Y después de un tiempo uno aprende que si es demasiado
hasta el calorcito del sol quema.
Así que uno planta su propio jardín y decora su propia alma,
en lugar de esperar a que alguien le traiga flores.
Y uno aprende que realmente uno puede aguantar,
que uno realmente es fuerte,
que uno realmente vale,
y uno aprende y aprende…

y con cada día uno aprende.
Uno Apprende (literally, One Learns) is the poem by Jorge Luis Borjes, the Argentine writer, poet and translator.  From what Spanish I know, the poem I found on Google+ and on Ann Landers looks to be a really good translation.
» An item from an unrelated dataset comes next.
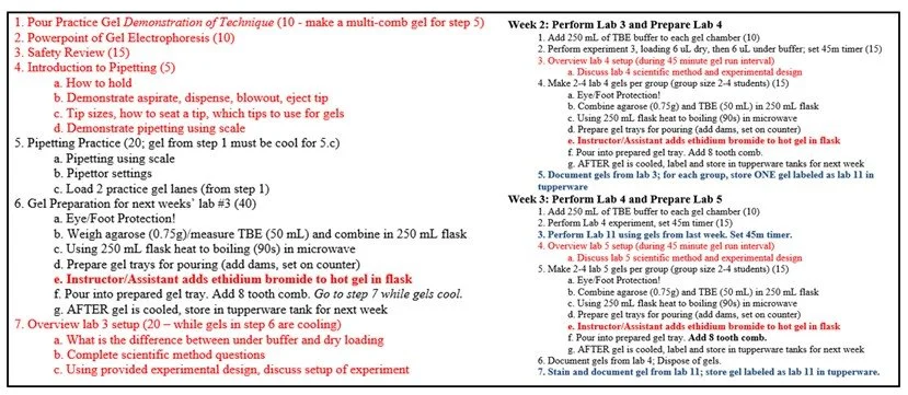 The first three meeting schedules. Week 1 (left) includes an introduction to safety, pipetting and initial gel preparation, while weeks 2 and 3 (right) show the suggested order of each lab meeting. Red text indicates instructor-led activity, black text indicates student activity and blue text indicates multi-week lab activity. Parentheses indicate approximate time for each step. This information is provided to instructors in Microsoft Word format to allow modification.

I found this translation of You Learn, attributed to Borjes, in a blog called dissections.

Then I discovered this wonderful little homage to Borjes in an intriguing site called Rebelle Society.  Writer Andrea Balt speaks endearingly and lyrically about this poem:
I used to read more Borges in college. He was fond of libraries and cafés, so I am pretty sure I’ve met him at some point in a forgotten corner of Buenos Aires, buried in the smell of old, thick volumes of typewritten life… Considering, of course, that he died around the same time I was born. 
This is the type of poetry that the least cryptic and most enjoyable side of Borges whispers to me—not from the depths of a century-old library but from inside an even older, universal heart of sad joy.
Wait, there's more, from a blog called Comes the Dawn: About healing after divorce, which I believe was written by Linda Saxon Nix:
When I first read this poem, I was married. I didn't understand it,
nor did I like it. In fact, I really didn't like it.
It had no relevance to me. I was supposedly happily married at the time.
After my divorce, I began to understand it's meaning.
I came to realize that it is about inner strength, and learning that women
have to learn not to depend on a man, or anyone else, for their happiness
and fulfillment. I learned that in everyone's life there are good-byes
of one kind or another. We are always saying good-bye.
Spouses let us down; spouses disappoint us; spouses don't keep promises.
Spouses and other loved ones die.
Friends move away; friendships cool, and children grow up and leave home.
They begin their own lives and aren't so much a part of ours anymore.
Some stay close to us, live close to us; some don't.
Parents do the best they can, but most of us have some scars and issues from childhood.
Eventually, these scars leave us, also.
So,
we have to build our own world, plan our own lives, and learn not to
depend on anyone else except God. Most of all, we realize that we can survive
if we are strong. Then, anything that comes along share our lives
or to make us happier is icing on the cake.
Who really wrote "Comes the Dawn"???

It is an ongoing dispute.

I had first credited this poem it to Veronica Shofftall. I received an e-mail from someone telling me that Veronica wrote it. There have been several versions of this poem. Usually it is attributed to "Unknown" because there is no official copyright owned by anyone.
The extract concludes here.